Give again, exactly as written, each line of the material below starting at the line that contains "赛轮轮胎销售有限公司发布关于" and ending at the line that contains "Това пише реномираното". Both ends count, and no other line does.

*** DATA SHOWN ***

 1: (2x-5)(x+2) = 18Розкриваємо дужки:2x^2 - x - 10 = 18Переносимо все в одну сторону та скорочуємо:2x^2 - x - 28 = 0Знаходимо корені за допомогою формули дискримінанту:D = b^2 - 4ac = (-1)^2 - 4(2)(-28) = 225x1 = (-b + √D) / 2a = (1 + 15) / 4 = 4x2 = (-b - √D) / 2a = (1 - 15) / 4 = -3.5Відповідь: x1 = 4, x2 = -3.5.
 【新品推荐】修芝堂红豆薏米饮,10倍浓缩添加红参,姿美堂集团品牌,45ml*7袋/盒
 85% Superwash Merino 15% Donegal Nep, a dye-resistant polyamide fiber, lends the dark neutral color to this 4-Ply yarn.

*** End of DATA SHOWN ***
*** DATA SHOWN ***

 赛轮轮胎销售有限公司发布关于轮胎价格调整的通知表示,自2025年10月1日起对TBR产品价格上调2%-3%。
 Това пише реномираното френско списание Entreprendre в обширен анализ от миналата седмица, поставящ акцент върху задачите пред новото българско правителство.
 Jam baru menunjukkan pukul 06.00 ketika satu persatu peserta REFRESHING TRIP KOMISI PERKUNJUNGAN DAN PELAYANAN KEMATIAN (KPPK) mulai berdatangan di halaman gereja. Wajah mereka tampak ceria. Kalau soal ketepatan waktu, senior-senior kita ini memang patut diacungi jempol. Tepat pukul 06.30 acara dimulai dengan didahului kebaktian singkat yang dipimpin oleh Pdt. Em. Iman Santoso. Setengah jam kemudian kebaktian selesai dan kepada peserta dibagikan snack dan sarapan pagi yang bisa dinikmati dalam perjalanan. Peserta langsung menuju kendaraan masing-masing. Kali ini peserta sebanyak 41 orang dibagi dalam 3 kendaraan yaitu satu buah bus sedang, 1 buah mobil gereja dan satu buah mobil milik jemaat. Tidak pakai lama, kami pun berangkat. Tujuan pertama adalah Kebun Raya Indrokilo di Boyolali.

*** End of DATA SHOWN ***

WRITTEN ANSWER:
 赛轮轮胎销售有限公司发布关于轮胎价格调整的通知表示,自2025年10月1日起对TBR产品价格上调2%-3%。
 Това пише реномираното френско списание Entreprendre в обширен анализ от миналата седмица, поставящ акцент върху задачите пред новото българско правителство.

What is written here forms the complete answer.